= Herbert Watkins-Pitchford =

Herbert Watkins-Pitchford FRSE CMG (3 June 1866 – 25 June 1951) was a British veterinarian. In 1896, with Arnold Theiler, he was the first to create a successful vaccine against the viral disease of cattle rinderpest.

==Life==
He was born on 3 June 1866 in Tattenhall in Cheshire, the son of Rev John Watkins Pitchford (1836–1912) and his wife, Louisa Read. He was older brother to the bacteriologist Wilfred Watkins-Pitchford. He was educated at Queen Elizabeth's Grammar School.

He studied at the Royal Veterinary College, London graduating in 1889. Following graduation he practiced as a vet in Camberley until 1895. In 1896, during the period of growing unrest in South Africa, he served as Principal Veterinary Surgeon to Natal Colony. In 1898 he was promoted to Director of the Department of Disease Research. In 1901 he was further promoted to Government Bacteriologist and Director of Veterinary Services for Natal. In the Second Boer War he received the Queen's South African Badge with two bars.

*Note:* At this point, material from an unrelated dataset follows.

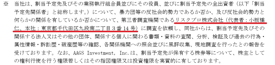 東証プライム上場企業(情報通信)の第三者割当により発行される新株予約権及び無担保転換社債型新株予約権付社債の割当先が暴力団等の反社会的勢力であるか否か、並びに割当予定先等が違法行為に関与しているか否かの第三者調査機関として、当社が採用されました。その調査報告書について、関東財務局ならびに東京証券取引所の承認を経て、有価証券届出書ならびに適時開示資料に当社の名前が掲載されています。

In 1903 he became Director of the Natal Museum.

In 1906 he was elected a Fellow of the Royal Society of Edinburgh. His proposers were Cathcart Methven, William Anderson, Sir German Sims Woodhead and Diarmid Noel Paton.

Following the creation of South Africa in 1910, Watkins-Pitchford hoped to be appointed Director of Veterinary Services, but this post instead went to his colleague, Arnold Theiler. although offered the post of Deputy Director he instead decided to leave South Africa. In 1912 he returned to England to join the British Army. At the outbreak of the First World War he became a Lt Colonel in the Royal Army Veterinary Remount Commission overseeing horse conscription and inspection in the wake of huge losses of animals at the front.

In 1922 he became Commander of the Army Veterinary School in Aldershot.

He retired in 1935 and returned to South Africa. He died on 25 June 1951 in Illovo in Natal, South Africa.

==Family==

In 1892 he married May Emily Wilson. They had a daughter, Phyllis.